Пришлось все распродать, уплатить неотложные долги, занять денег на дорогу, пуститься в дальний путь не в кибитке, а в телеге.
Отчаяние Достоевского, по рассказу Врангеля, было беспредельно; он ходил как помешанный; при мысли о разлуке с Марией Дмитриевной ему казалось, что все для него в жизни пропало. И ведь она согласна, не противоречит. Вот что возмутительно!» — горько твердил он.
Уехали в конце мая вечером. «Сцену разлуки я никогда не забуду — Достоевский рыдал навзрыд, как ребенок».
Друзья решили провожать Исаевых лесной дорогой. Стояла чудная майская ночь. Врангель напоил Исаева шампанским и усадил в свой экипаж, где тот и уснул непробудным сном. Достоевский пересел к Марии Дмитриевне. Долго мчались сосновым бором, пронизанным светом… Наконец остановились, распрощались. Дернули лошади, еле стала видна повозка, замирал колокольчик — «а Достоевский все стоит как вкопанный, безмолвный, склонив голову, слезы катятся по щекам… Мы вернулись к себе на рассвете».
Возникает переписка, быть может еще более мучительная, чем личные отношения. Мария Дмитриевна и на расстоянии не перестает томить Достоевского своими жалобами на лишения, на свою болезнь, на печальное состояние мужа и безрадостную будущность. Но еще сильнее, конечно, волновали и мучили Достоевского жалобы его корреспондентки на невыносимое одиночество и потребность отвести с кем-нибудь душу. Когда же в письмах все чаще и все восторженнее начало мелькать имя нового знакомого в Кузнецке — «симпатичного молодого учителя», обладателя редких качеств и «высокой души», Достоевский впал в окончательное уныние, бродил, как тень, и даже забросил «Записки из мертвого дома», над которыми уже работал в ту пору с редким увлечением.
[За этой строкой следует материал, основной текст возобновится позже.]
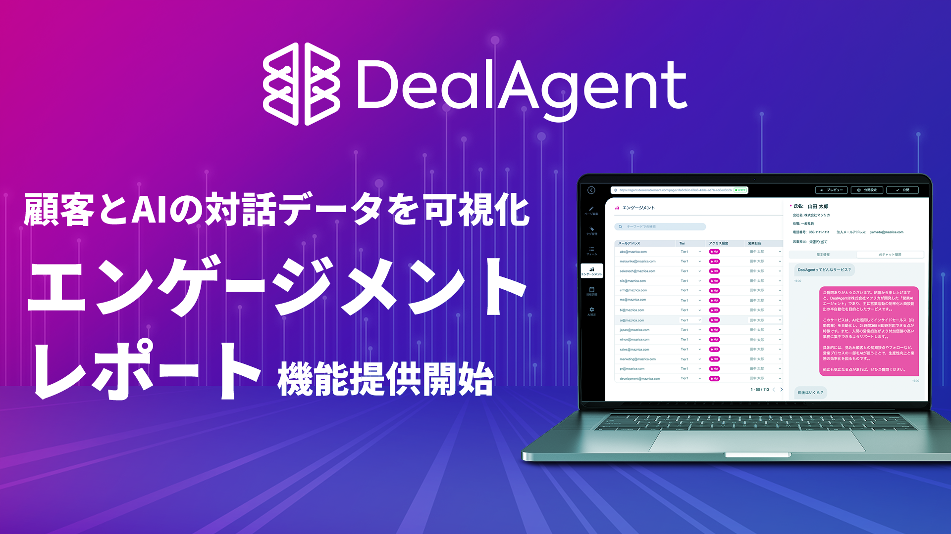 DealAgent、顧客とAIの対話データを可視化する「エンゲージメントレポート」機能を提供開始 —Web行動データに加えAIチャットを通じたゼロパーティデータを収集・分析—
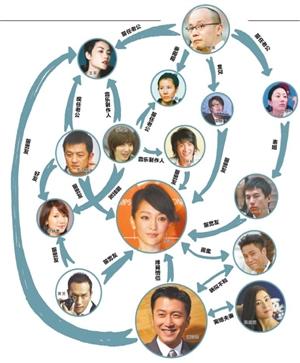 如今,周迅与谢霆锋“牵手”,网友们发现,他们与前任、前任的前任、前任的现任之间已经形成一张巨大的关系网:张柏芝前夫是谢霆锋,谢霆锋前女友是王菲,王菲老公是李亚鹏,李亚鹏前女友叫瞿颖,瞿颖现男友是张亚东,朴树有个前女友叫周迅,周迅有个前男友叫李亚鹏,王菲前夫是窦唯,窦唯有个堂弟叫窦鹏,窦鹏有个前女友叫周迅,窦鹏堂姐是窦颖,窦颖前夫是张亚东,张亚东现女友是瞿颖,瞿颖前男友叫李亚鹏。有不少网友笑称:娱乐圈真是一个圈,这条爱情食物链简直就是吉祥的一家。
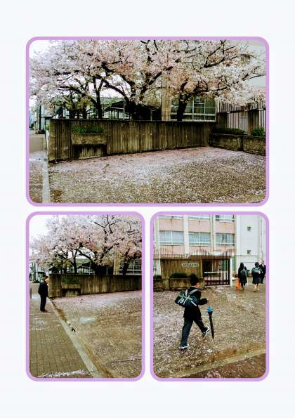 昨夜からの雨で、正門の桜もサクラ色のカーペットのようなになりました。
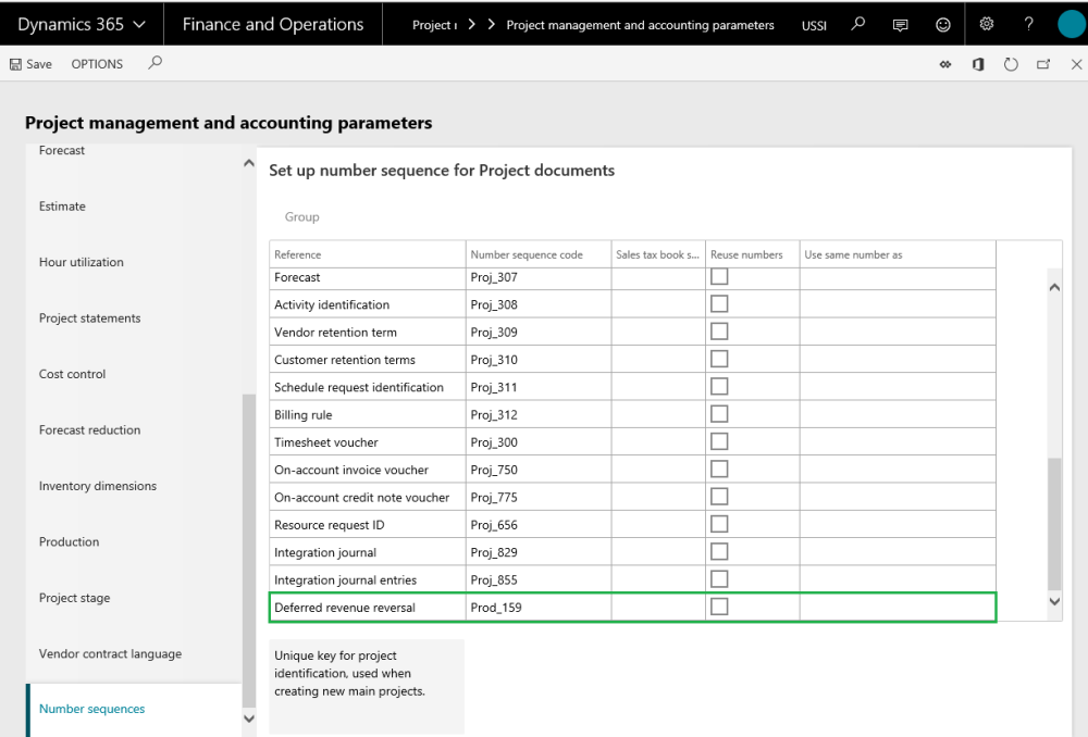 Revenue recognition reversal reference is added to the project management number sequence as soon as the user activates the Deferred revenue – Activate deferred revenue fee. Select the number sequence code for the reference – Deferred revenue reversal.
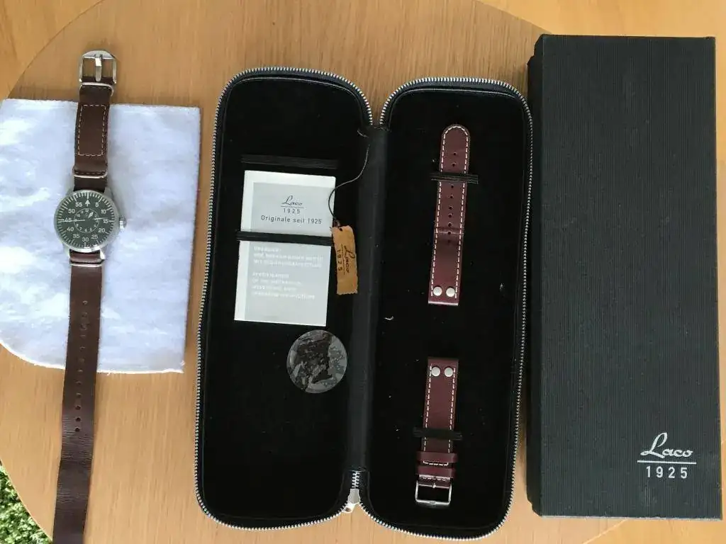 El reloj viene completo de todo, si estas buscando un Laco auto nuevo y solo compras de segunda mano si el reloj esta perfecto, ni te lo pienses. El mejor precio que se saca para este reloj hoy día en mercantes o en la red son 325 euros. Lo dejo en 210 euros puesto en casita.
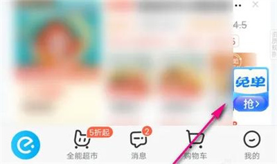 1. 首先点击打开手机中的饿了么软件进入后,在主页面的右侧部分找到“免单”的活动图标入口,在上面点击打开。
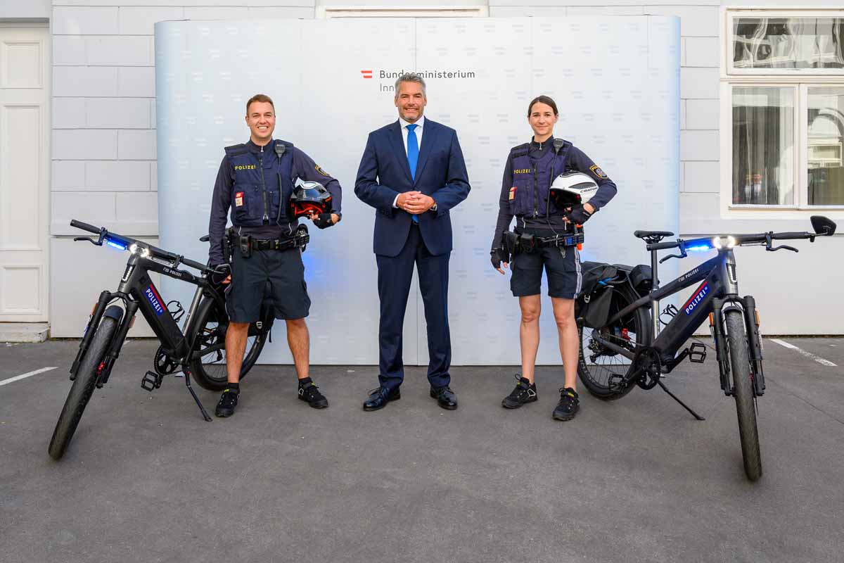 „Verkehrspolizei ist eine Grundaufgabe der Sicherheitsbehörden, deshalb ist es wichtig, hier mit modernen Einsatzmitteln am Ball zu bleiben“, sagte Innenminister Nehammer am Mittwoch bei der Übergabe zweier hochwertiger E-Bikes an die Wiener Landverkehrsabteilung. „Vor allem in Ballungsräumen, wo Räder und E-Scooter allgegenwärtig sind, ist auch die Weiterentwicklung des uniformierten Fahrraddienstes der Polizei wesentlich.“ Die neuen Fahrräder seien darüber hinaus ein weiterer wichtiger Schritt in der klimafreundlichen Modernisierung der Polizei, so der Innenminister.
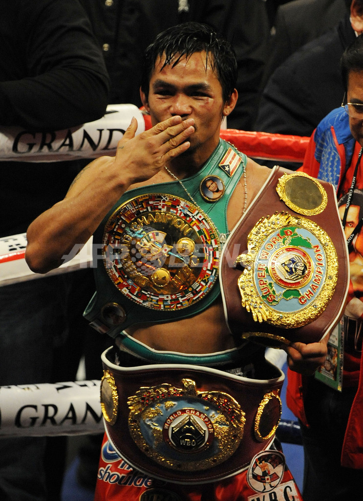 【11月15日 AFP】ボクシングWBO世界ウエルター級タイトルマッチ、挑戦者マニー・パッキャオ(Manny Pacquiao、フィリピン)は王者ミゲル・コット(Miguel Cotto、プエルトリコ)と対戦。パッキャオは12回TKO勝ちを収め、王座を奪取し、5階級制覇を達成した。
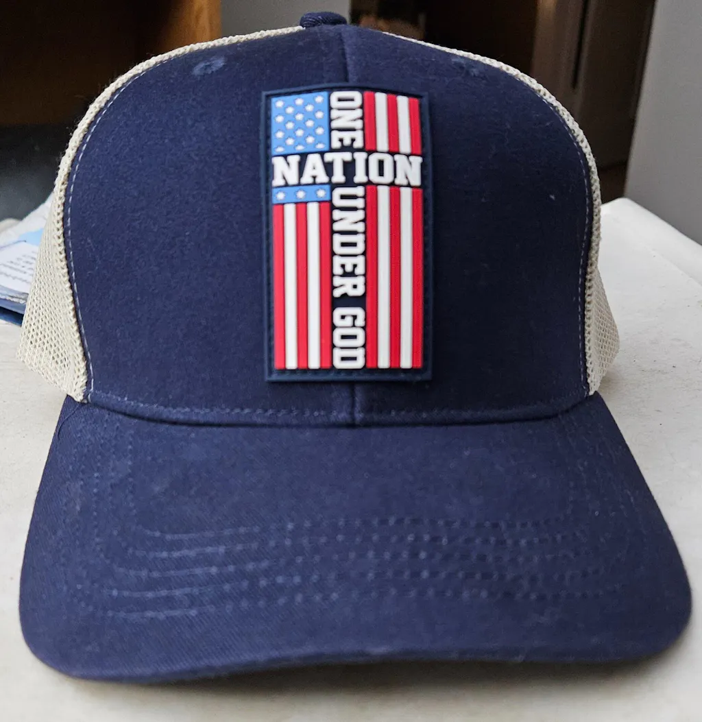 Proclaim your love for the Lord and our great nation in this classic “One Nation Flag” Cap by HOLD FAST® in Navy. As Americans, we enjoy the privilege of sharing our faith out loud. We can worship God, meet together at church, and pray anywhere and any way we want to. We are also proud of our heritage, and you can share this by wearing a One Nation Flag Cap.
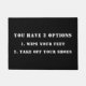 Vous Avez 2 Options : 1. Essuie tes pieds, 2. Retirez Vos Chaussures. Obtenez leur attention avec un message amusant ou personnalisez avec votre propre message. Arrière - plan noir avec texte blanc.
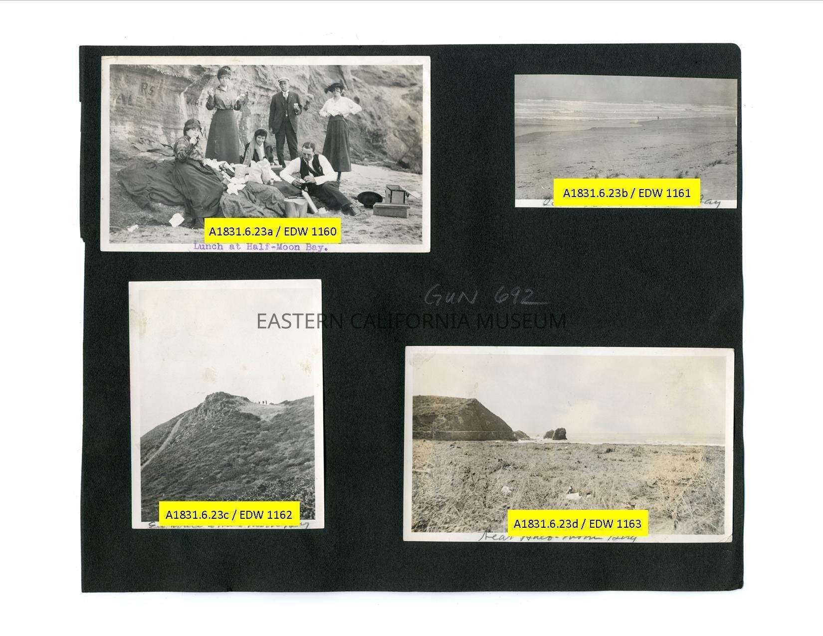 A1831.6.23b: Photo of the beach and ocean. It is labeled, "Scene near Half Moon Bay."
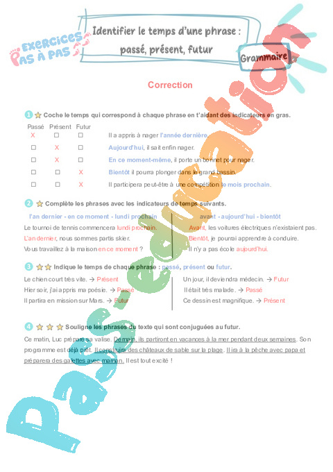 Exercices Pas à Pas avec mémo / leçon de conjugaison pour travailler la compétence : Identifier le temps d’une phrase : passé, présent, futur au : Primaire 3 .
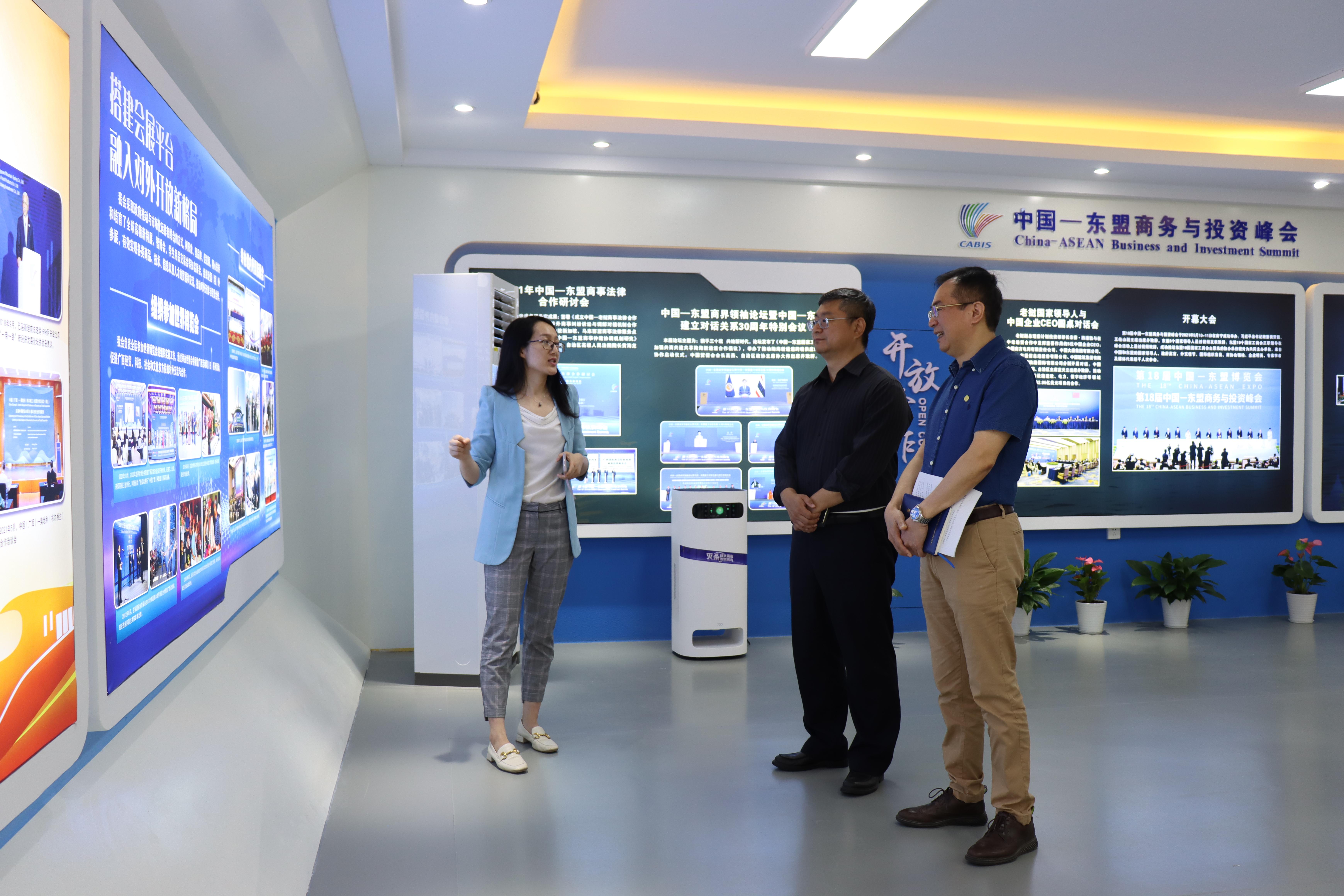 一行参观了广西贸促会展馆,听取和学习贸促会工作业绩和现有成就。之后,广西贸促会党组书记、会长魏然会长简要介绍贸促会当前重点工作。魏会长指出,在中国—东盟全面战略伙伴关系以及RCEP生效实施的开局之年,我们要抢抓RCEP发展新机遇,在中国—东盟多领域合作要做实走深。他希望在RCEP实训基地、东盟相关数据库、企业定制化服务、商务与投资峰会等方面加强合作。田利辉副校长讲解了大学的平台、智库和基地三大功能,明确了实训实习基地、联合讲座授课、课题研究协同、动态信息整合、东盟峰会服务等五项工作的合作和落实。
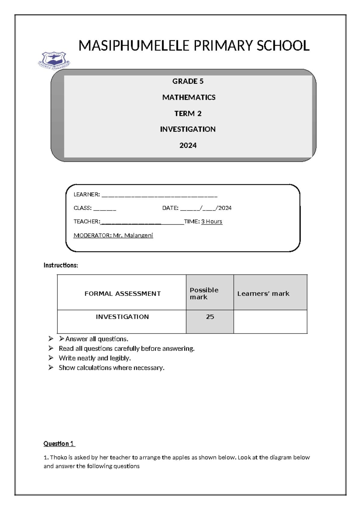 Grade 5 Mathematics Term 2 Assessment – Investigation (2025 ...
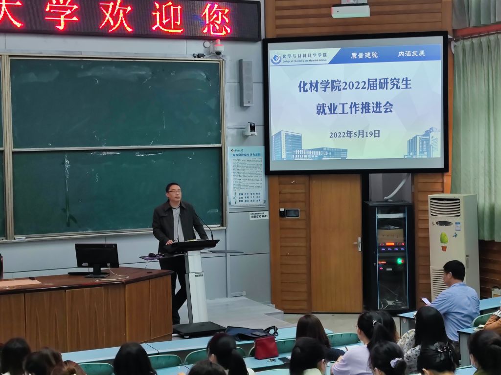 为全面加强2022届毕业生就业指导工作,切实提升毕业生就业意识,5月19日,结合学院实际,召开了2022届研究生就业主题班会,院党委书记汪俊武、副院长周双六、辅导员苏桂琴级2022届全体研究生参加会议。会上,周双六以提升毕业生就业意识为出发点,对当前毕业生就业情况进行了详细分析,鼓励毕业生们提高就业积极性,坚定就业信心,明确就业路径。汪俊武指出,当前就业形势严峻,就业是个人生存发展的需求,是对家庭和父母的负责,更是国家发展的需求,希望所有同学要树立正确的就业观念,提升过硬的就业能力,做好充足的就业准备,寻找合适的就业机会。
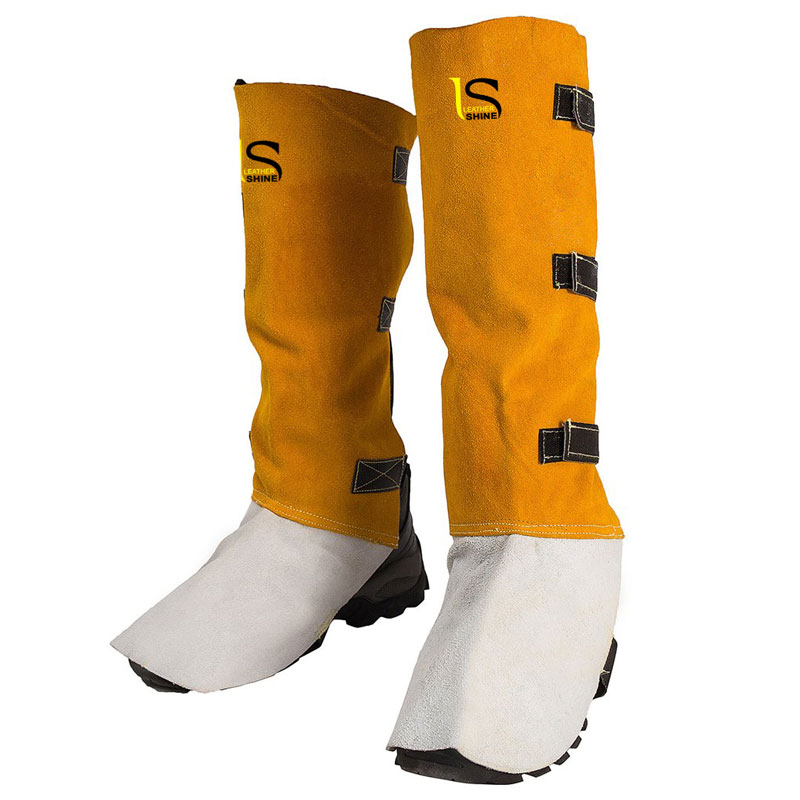Split leather.Long welders gaiter.High leg.Tan split leather.Strap & velcro fastening.

В августе 1855 года Достоевский получил от Марии Дмитриевны извещение о смерти ее мужа. Она сообщала ему, что Исаев скончался в нестерпимых страданиях. Переезд оказался для него роковым. Как писал позже Достоевский, он умер от каменной болезни, «единственно по недостатку медицинских пособий, невозможных в глухом крае, где служил он». Овдовевшая женщина сообщала, что мальчик ее обезумел от слез и отчаяния, и сама она измучена бессонницей и обостренными припадками своей болезни; она рассказывала далее, что похоронила мужа на чужие деньги, что у нее ничего не осталось, кроме долгов, что кто-то прислал ей три рубля. «Нужда руку толкала принять — и приняла… подаяние».
«И осталась она после него в уезде далеком и зверском, и осталась в такой нищете безнадежной, что я хотя и много видел приключений различных, но даже и описать не в состоянии».
Так увековечил через несколько лет творец «Преступления и наказания» эту будничную трагедию своего сибирского прошлого.
Достоевский отдается всецело устройству Марии Дмитриевны. Он достает у Врангеля деньги, он пробует устроить в корпус восьмилетнего Пашу, он с героическим самопожертвованием хлопочет и даже «на коленях готов просить» за своего соперника — кузнецкого учителя Вергунова (по свидетельству Врангеля, «личности совершенно бесцветной»).